И работу в храме чтобы завершил, как договорено было. Иначе отниму от тебя руку свою, и пусть владетель маркграф Эккехард делает с тобой, что хочет. Всё понял?
– Всё… Госпожа моя, – почему-то добавил я.
Казачок в голове взвился соколом. Я застонал и закрыл глаза. Хороший сон, но, может, надо проснуться и пойти всё-таки растолкать Мбангу? Таблеток от головной боли в этой комнате отродясь не водилось, а с югославским зверем в голове я до утра точно не доживу. По ту сторону век щёлкнул выключатель, и стало темно.
– Бруно, подавай! – распорядился золотистый голос, хлюпнула ручка двери, и всё стихло.
Где же я видел это лицо?
* * *
Странный это был сон. Обычно ведь там всё плывёт, в зависимости от твоего осознания событий ты ими более или менее управляешь, осознаёшь, в конце концов, что всего лишь спишь… А тут я буквально заставлял себя верить, что этот визит не мог быть реальностью, что он – всего лишь сновидение. Слишком уж реальна была эта женщина, что вошла в нашу студенческую, как говорят немцы, «буде». Или, как мы её прозвали – «будку». Совершенно реальное поведение, реальное лицо, не плывущее, не изменяющееся, как это бывает во снах. Вполне настоящая одежда, запах, вкус её голоса. Вкус! Вот что не давало покоя. Несмотря на странное совмещение графов и Че Гевары, моего «Казачка» и деревенского шнапса, от которого страдал тот, за кого она меня приняла… Несмотря на все эти несоответствия, вкус от этого события был настоящим. Девушка была живой, реальной, то, что она делала, было реальным, что говорила – тоже. В конце концов, чувства, что я тогда испытывал, были реальными! И стыд, и смущение, и интерес к ней, и желание обнять, и… И что-то, похожее на любовь, кажется. Но не мою, а того, с кем она говорила. Кто был во мне… или – я в нём…
И знакомое, знакомое лицо!..
В общем, непонятно было. Но интересно.
Кто это был, я сообразил уже наутро, едва злобный «Казачок» ускакал из организма, вытесненный законной порцией оздоравливающего пива. Две бутылки, как она и обещала.
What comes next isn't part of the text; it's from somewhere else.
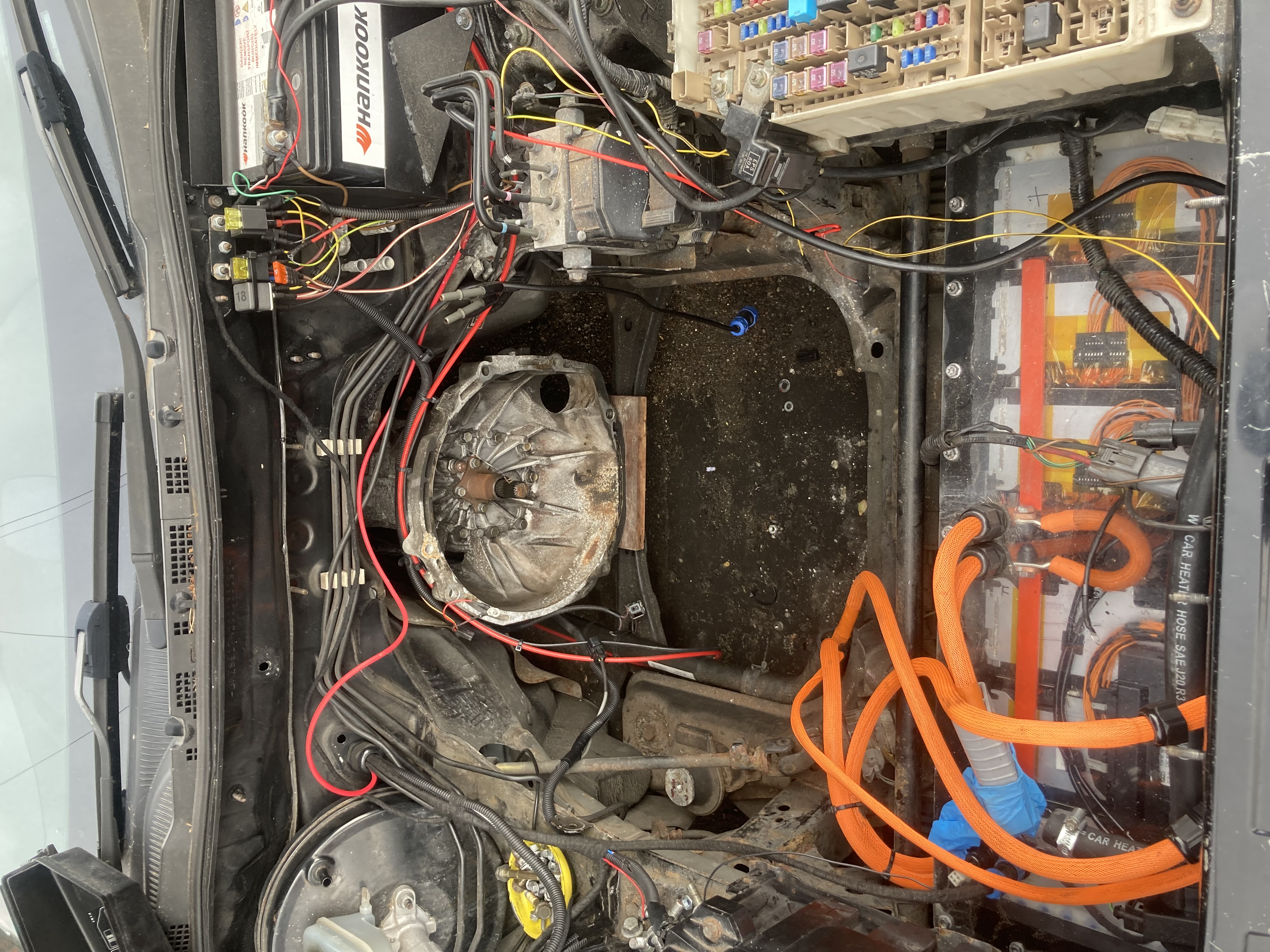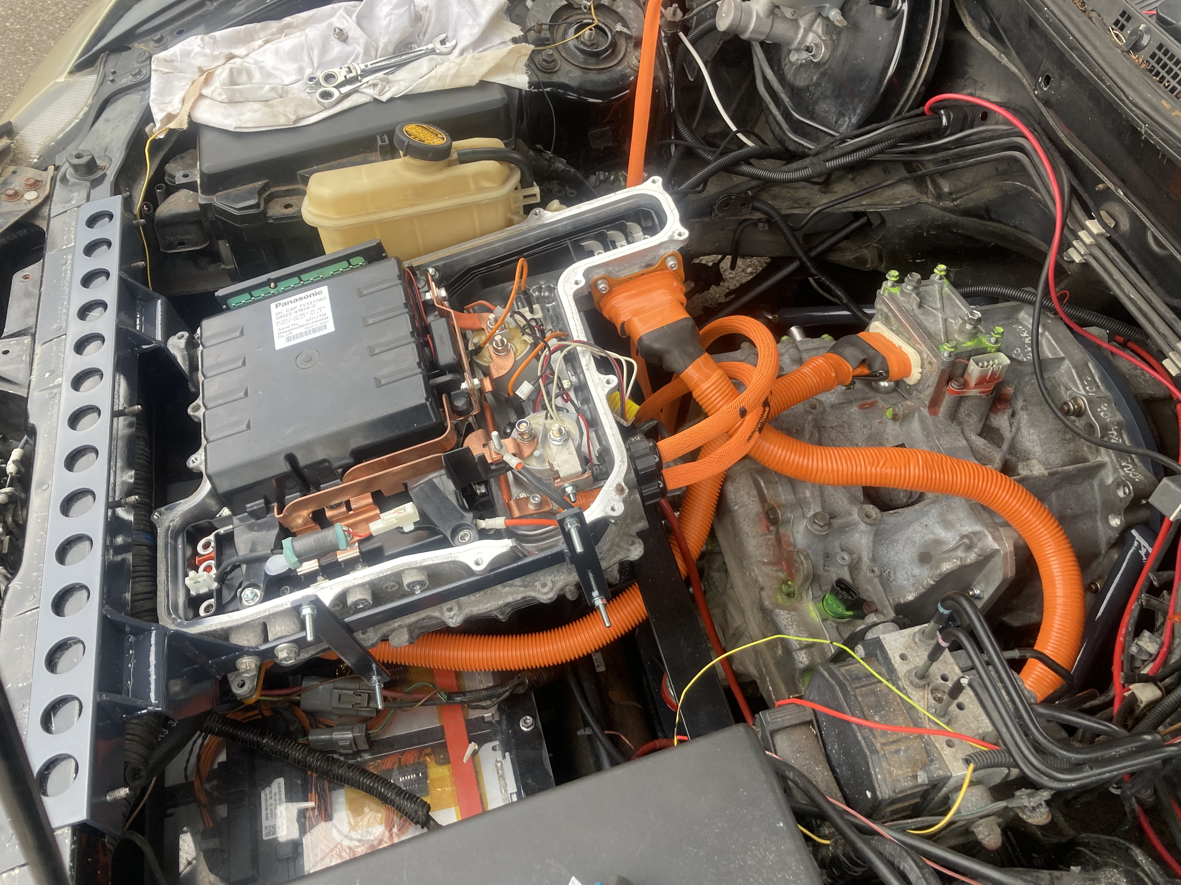 So inverter is back in, HV wiring mostly done, as I’ve ditched the boost inverter I’ve used the space inside the inverter to house the maintenance contactors and precharge,

Только вместо неведомой, но наверняка милой Гретхен приволок их ужасный с короткого сна, всклокоченный и похмельный Андрюшка Денченко. Н-да… Не Гретхен, ой, не Гретхен!
А вот пиво сейчас – куда лучше мозельского, которого я в те годы и не пробовал-то ещё…
Андрюхе я и поведал о странном видении. И сам же назвал её имя – Ута. Из того самого учебника для шестого класса.
Как-то само вырвалось.
И тогда же захотелось нанести ей ответный визит.
* * *
От Лейпцига до Наумбурга ехать на поезде немногим больше часа. Обычный поезд, обычная дорога. Обычный немецкий пейзаж за окном – с терриконами и буроугольными шахтами, зеленеющими полями, каменными селениями по сторонам. Страна большой промышленной цивилизации. Германия.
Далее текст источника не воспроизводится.